# RECORDED DATA:

---

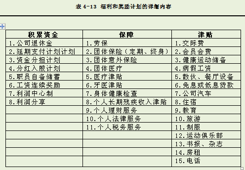 一般上可能获得的福利和奖励计划如表4-12所示:
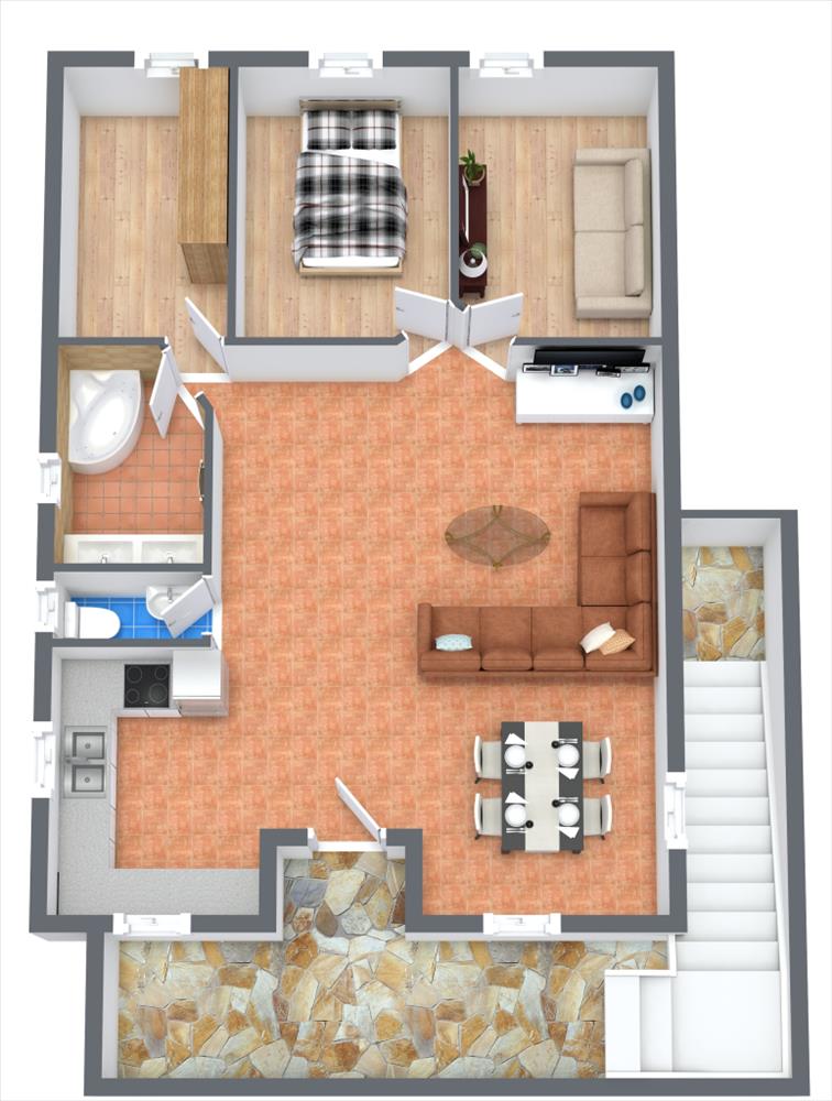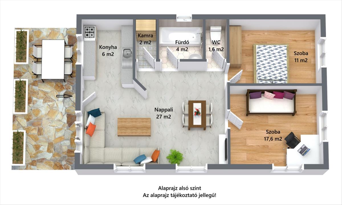 Egy igazi otthon a család minden tagjának! Az emeletes ház alsó szintjén tágas nappali és konyha, két szoba és fürdőszoba várja a családot. a felső szint jelenleg külső lépcsőn közelíthető meg, de a belső lépcső bármikor visszaállítható, így a két szint együtt vagy külön is használható.
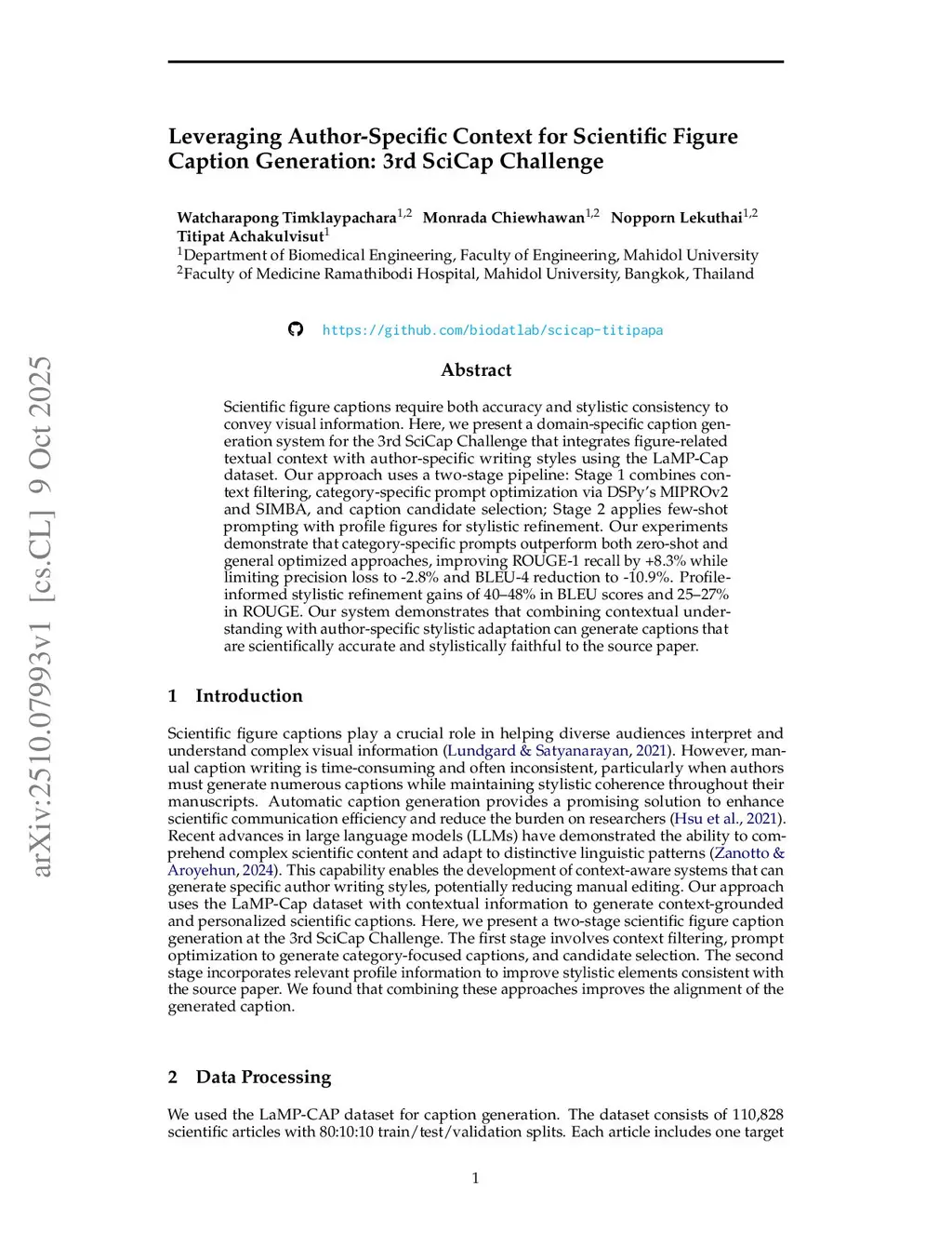 Scientific figure captions require both accuracy and stylistic consistency to convey visual information. Here, we present a domain-specific caption generation system for the 3rd SciCap Challenge that integrates figure-related textual context with author-specific writing styles using the LaMP-Cap dataset. Our approach uses a two-stage pipeline: Stage 1 combines context filtering, category-specific prompt optimization via DSPy's MIPROv2 and SIMBA, and caption candidate selection; Stage 2 applies few-shot prompting with profile figures for stylistic refinement. Our experiments demonstrate that category-specific prompts outperform both zero-shot and general optimized approaches, improving ROUGE-1 recall by +8.3\% while limiting precision loss to -2.8\% and BLEU-4 reduction to -10.9\%. Profile-informed stylistic refinement yields 40--48\% gains in BLEU scores and 25--27\% in ROUGE. Overall, our system demonstrates that combining contextual understanding with author-specific stylistic adaptation can generate captions that are both scientifically accurate and stylistically faithful to the source paper.

---

# YOUR GOAL:
Give an exact copy of the material, leaving out every picture.

# RESULT OF THIS EXERCISE:
 一般上可能获得的福利和奖励计划如表4-12所示:
 Egy igazi otthon a család minden tagjának! Az emeletes ház alsó szintjén tágas nappali és konyha, két szoba és fürdőszoba várja a családot. a felső szint jelenleg külső lépcsőn közelíthető meg, de a belső lépcső bármikor visszaállítható, így a két szint együtt vagy külön is használható.
 Scientific figure captions require both accuracy and stylistic consistency to convey visual information. Here, we present a domain-specific caption generation system for the 3rd SciCap Challenge that integrates figure-related textual context with author-specific writing styles using the LaMP-Cap dataset. Our approach uses a two-stage pipeline: Stage 1 combines context filtering, category-specific prompt optimization via DSPy's MIPROv2 and SIMBA, and caption candidate selection; Stage 2 applies few-shot prompting with profile figures for stylistic refinement. Our experiments demonstrate that category-specific prompts outperform both zero-shot and general optimized approaches, improving ROUGE-1 recall by +8.3\% while limiting precision loss to -2.8\% and BLEU-4 reduction to -10.9\%. Profile-informed stylistic refinement yields 40--48\% gains in BLEU scores and 25--27\% in ROUGE. Overall, our system demonstrates that combining contextual understanding with author-specific stylistic adaptation can generate captions that are both scientifically accurate and stylistically faithful to the source paper.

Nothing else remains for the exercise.